This section introduces main components of the proposed HMA for VRPCD-2D, which are two well-known meta-heuristics, SA and TS, and also introduces the packing heuristics used for the 2-dimensional loading procedures.

Simulated annealing algorithm

SA is a stochastic method for solving combinatorial problems proposed by Kirkpatrick et al. (1983). The SA methodology draws its inspiration from annealing process in metallurgy. It works by emulating the physical process so that a solid is heated to a high temperature and step by step cooled to low it to crystallize.

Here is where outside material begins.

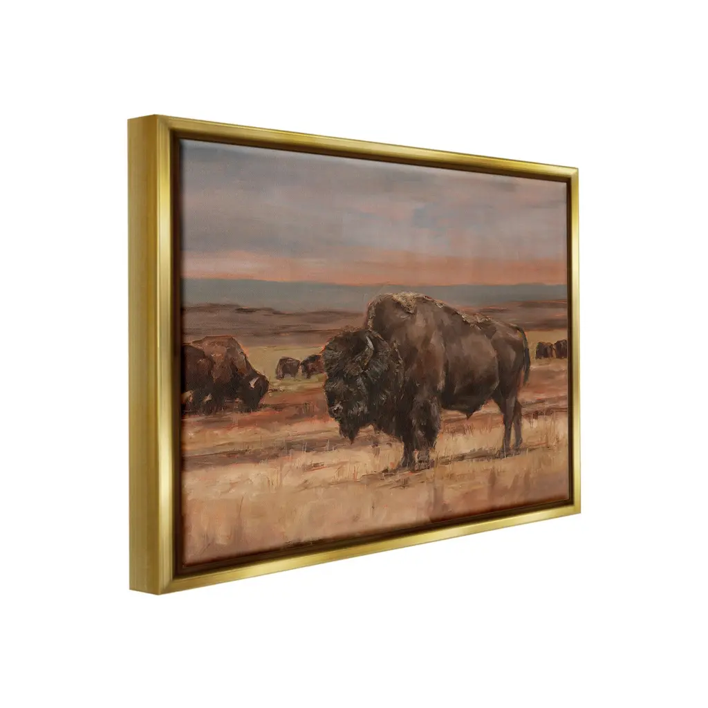Elevate your home or office to the next level with Stupell Framed Floating Canvas Wall Art. Our premium hand-stretched canvas is mounted securely into a sturdy lightweight frame. The museum-style gap between the wrapped canvas and the box frame gives the illusion of floating artwork. Stupell Wall Art is made in the USA.Features: Dimensions: 21 x 1.7 x 17 Frame, 20 x 1.5 x 16 Canvas ArtFloating Frame Canvas Products are available in sizes 21"x17" and 31"x25". All Floating Frame Canvas Products have a 1.7" Depth.Wall Art is Ready to Hang with Hardware Free Hanging. No Installation required. For Easy Set Up Lean or Layer Artwork on Shelf or Against Wall. Artwork is Permently Fixed into the Frame.Our elevated 1.7" Thick Floating Frame is the perfect complement to our canvas style Wall Art. We use only the highest quality inks in house with industry leading printing solutions. Canvas is hand stretched over a durable wood foundation and then mounted securly into a Modern Box Frame. Made in the USA.Artwork Relates To: Animal, Bison, Mammal, Wildlife, Buffalo, Cattle, Cow, Field, Grassland, Nature, LandscapeDesign by Ethan Harper
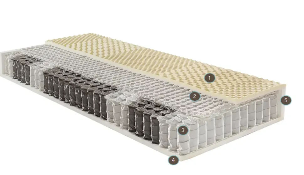 Misura: 160×200 – Sfoderabile e lavabile a 60°C – 3200 molle indipendenti – 7 zone differenziate – portanza sostenuta – Altezza materasso H.25cm – Piano superiore in memory bugnato sp.3cm.

SA uses a stochastic approach to guide the search. In addition to accepting better solutions, SA allows the search to proceed to a neighboring state even if the move causes the value of the objective function to become worse. SA processes the local search in the following way. If a move to neighbor \(\hbox {X}'\) in neighborhood ensures improvement in objective value, or leaves it unchanged, then the move is always accepted. More precisely, the solution \(\hbox {X}'\) is accepted as the new solution if \(\Delta \le 0\), where \(\Delta =(\text {f}(\text {X}')-\text {f}(\text {X}))\) and \(\hbox {f}(\hbox {X})\) is the value of objective function. Moves, which increase the objective function means that \(\Delta >0\), are accepted according to a probability function \(\hbox {e}^{(-\Delta /\mathrm{T})}>\theta \), where T is the parameter of temperature, and \(\uptheta \) is a random number between [0, 1]. The value of T varies from a relatively large number to a small value close to zero, which is often controlled by linear equations for reducing temperature linearly. The stopping criterion of the SA is based on the probability that a move from a local minimum to a neighbor with the lowest score is accepted. If that probability is low compared to the selection probability the algorithm is stopped in that approach (Otten and Van Ginneken 1988). However, there have been various stopping criteria, which are developed on the basis of considered problem. The pseudo code of the SA algorithm is shown in Fig. 2.

Fig. 2
figure 2

Pseudo code of the SA algorithm

Tabu search algorithm

TS was introduced by Fred Glover in 1986 as an iterative meta-heuristic algorithm that guides a local search procedure to explore the solution space beyond local optimality (Glover 1989, 1990). TS algorithm is different from the SA algorithm in that the tabu search includes a memory mechanism that prevents the search from cycling back to previously visited solutions. The memory mechanism which is called as tabu list maintains the search history by keeping either some of the moves or just their attributes, and prevents the reversing these moves for a given number of iterations. Data structure of the tabu list is necessary to ensure the proper management of the tabu restriction (Landrieu et al. 2001). On the other hand, this restriction can be ignored if the attempted move leads to find a new best solution for the algorithm. This procedure is defined as aspiration criterion, which allows for exception from tabu list, if any move leads to promising solution (Armentano and Yamashita 2000; Geyik and Cedimoglu 2004). The pseudo code of the TS algorithm is shown in Fig. 3.

Fig. 3
figure 3

Pseudo code of the TS algorithm

Hybrid meta-heuristic algorithm

The proposed HMA for the VRPCD-2D is based on the integration of TS within the SA. The HMA takes the advantages of the SA and TS including the stochastic feature to escape local optima and tabu list to avoid cycling. The detail of the HMA is presented in the following subsections.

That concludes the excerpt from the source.